** Input **
----------

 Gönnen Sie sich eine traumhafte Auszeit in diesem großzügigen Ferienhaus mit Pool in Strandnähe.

----------

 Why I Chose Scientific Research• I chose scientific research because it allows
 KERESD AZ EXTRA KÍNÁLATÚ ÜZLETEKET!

----------

** Work item **
Given the records above, reproduce precisely and only the lines between the line holding "Why I Chose" and the line holding "KERESD AZ EXTRA KÍNÁLATÚ ÜZLETEKET!", inclusive.

** Task output **
 Why I Chose Scientific Research• I chose scientific research because it allows
 KERESD AZ EXTRA KÍNÁLATÚ ÜZLETEKET!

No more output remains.